Les ouvrages du dix-septième siècle ne furent que des tableaux sur verre en petit, tels qu’on en voit aux charniers de Saint-Etienne du Mont. Peut-être seroit-on autorisé à dire que, loin d’avoir rien perdu, la peinture sur verre, uniquement appliquée à des ouvrages de petite proportion, trouva le vrai genre qui lui convient. En effet, des compositions colossales, ou même dans des proportions voisines de celle de la nature, conviennent-elles à un genre de peinture, qui n’est en effet qu’une sorte de dessin enluminé, & qui opère sur un fond au-


quel on ne peut donner une certaine étendue, qu’en joignant par dus lames de plomb les pièces multipliées qui le composent ? Comment l’œil peut-il n’être pas choqué de voir une seule figure, un seul membre, une seule partie de draperie, plusieurs fois interrompue par les coutures grossières de ce plomb que jamais on ne peut bien dissimuler ? Si la peinture sur verre peut avoir un mérite véritable, c’est lorsqu’elle offre un sujet représenté sur la surface d’une seule vitre. Mais on ne confie depuis long-temps à l’industrie des peintres vitriers que des armoiries & des parties d’ornemens.

On dit que le secret de la peinture sur verre est perdu ; il faudroit dire seulement que cette sorte de peinture, pour des ouvrages de grande proportion, est entiérement abandonné, & l’on pourroit ajouter qu’il l’est probablement pour toujours. Mais les vitreaux du cloître des Feuillans n’ont été finis qu’en 1709, ceux du petit cloître des Carmes-Déchaussés qu’en 1738 : si le secret suivant lequel ces morceaux ont été exécutés étoit perdu, la perte seroit bien récente. Mais cette perte est imaginaire. Le secret qu’on regrette se retrouveroit aisément chez les Anglais ; s’il n’étoit pas resté à Paris dans une famille consacrée depuis plusieurs siècles à la pratique de cet art.
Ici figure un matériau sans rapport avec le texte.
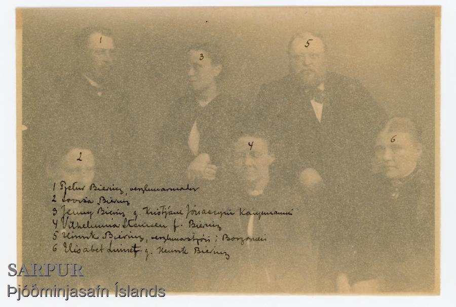 6 saman. Bierings-systkin, Pétur, verslunarmaður í Reykjavík, Hinrik, verslunarstjóri í Borgarnesi, Wilhelmína Steinsen,í Reykjavík, matsölukona, ekkja séra Steins Steinsens í Árnesi og Jenny Jónassen, ekkja Kristjáns Jónassens, kaupmanns í Reykljavík, e. fr. kona Péturs, Lovísa Biering og kona Hinriks Elísabet, f. Linnet (dóttir H. A. Linnets kaupmanns í Hafnarfirði).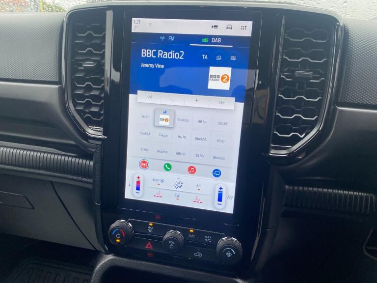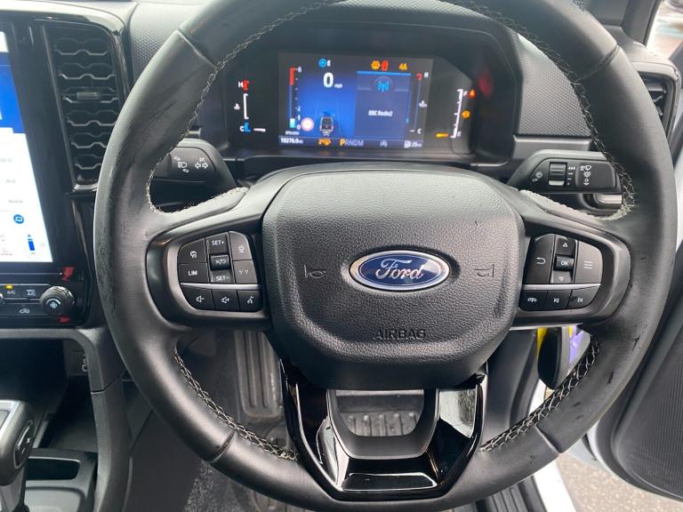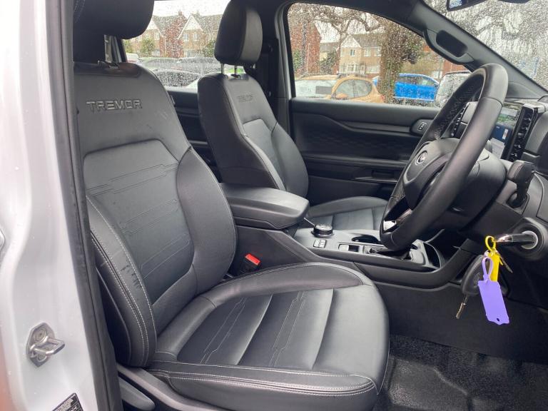 ..AEB and ISA, Conventional gearshift, Delete tachograph, Electric power assisted steering, Evasion steer assist, Fordpass connect modem including eCall and FordPass connectivity, Ice warning, Partial TFT/LCD instrument cluster, Passenger side roof mounted grab handle, Pre collision assist, Road departure warning, Traffic sign recognition, Trip computer, Accent colour door handles, Accent colour exterior mirrors, Acoustic laminated windscreen, Alternate design front towing hooks, Assisted conventional tailgate, Automatic headlights, Black rear underrun bar, Cast aluminium side step, Daytime running lights, Dual power heated fold back door mirror, E-marked glass, Electric rear window defroster, Electric windshield defroster, Electrochromic interior mirror, Fog lamp bezel, Front bumper with body colour lower accent, Front fender molded grill, Front fog lamps, Front headlamp leveling, Front splash guard, Fuel tank guard, Heavy duty side steps, High mounted stop lamp, Ladder rack, Large wheelarch flares, Level 1 halogen headlamps, Level 1 halogen Taillamps, Manual liftgate, Metal underbody protection, Narrow bodyside moulding, Non locking capless fuel fill, Outside thermometer, Painted accent colour rear bumper, Plastic side steps, Power front windows with one touch up/down, Power rear windows, Rain sensitive windshield wipers, Rear bumper extension, Rear bumper step, Rear fog lamps, Rear splash guard, Roll bar, Self coloured decklid handles, Self coloured grille, Standard green glass windscreen, Trailer tow class I, Trailer tow wiring, Tremor tailgate badge, Under hood engine cover, Cargo light, Console with double lid, Door handles with inside MIC, Driver and passenger sunvisor with mirror, Ebony headliner, Fold flat rear seat with durabale surface, Fresh air heater, Front throw in rubber floor mats, Glove box lids, High series air register, Less load rest, Less tie down rails and rope hooks, Overhead console with dome lamps, Pollen filter, Reach and rake adjustable steering column, Rear floor ducts, Rear throw in rubber floor mats, Roof storage for driver sunglasses, Steering wheel with multimedia controls, Tremor vinyl upholstery, Vinyl floor covering, Washer tank level warn lamp, Functional upgrade pack 3 - Ranger, Heavy duty terrain pack - Ranger, Interior trim pack 15 - Ranger, Rear seat pack 15 - Ranger, Tachograph prep pack - Ranger, Child proof rear door locks, Driver and passenger airbag, Driver knee airbag, Head and thorax airbag in 2nd row,

C’est dans l’ouvrage d’un membre de cette famille, que nous allons puiser tout ce qui composera cet article. Les bornes dans lesquelles nous devons nous renfermer, ne nous permettront pas de faire connoître tout ce qu’il renferme d’utile ; & nous conseillons aux artistes qui se consacrent à la peinture en émail ou en porcelaine, de consulter l’ouvrage même de Pierre le Vieil. En décrivant dans le plus grand détail, tous les matériaux & toutes les opérations de la peinture sur verre, il a bien mérité de tous les artistes qui employent des substances métalliques colorées & vitrifiables.

COULEURS
propres à teindre des masses de verre.

Bleu céleste ou aigue-marine. Sur soixante liv. de fritte, ([1]) mêlez peu-à-peu & à différentes reprises, une livre & demie d’écailles de cuivre préparées, auxquelles vous aurez ajouté quatre onces de safre préparé, le tout en poudre très-fine. Remuez souvent. La couleur sera d’autant plus belle, que la fritte sera d’un crystal mieux purifié.

Bleu plus foncé, ou couleur de saphir. Sur

  1. (1) Les matières qui composent le verre se nomment fritte, après avoir été calcinêes & avant d’être mises en fusion.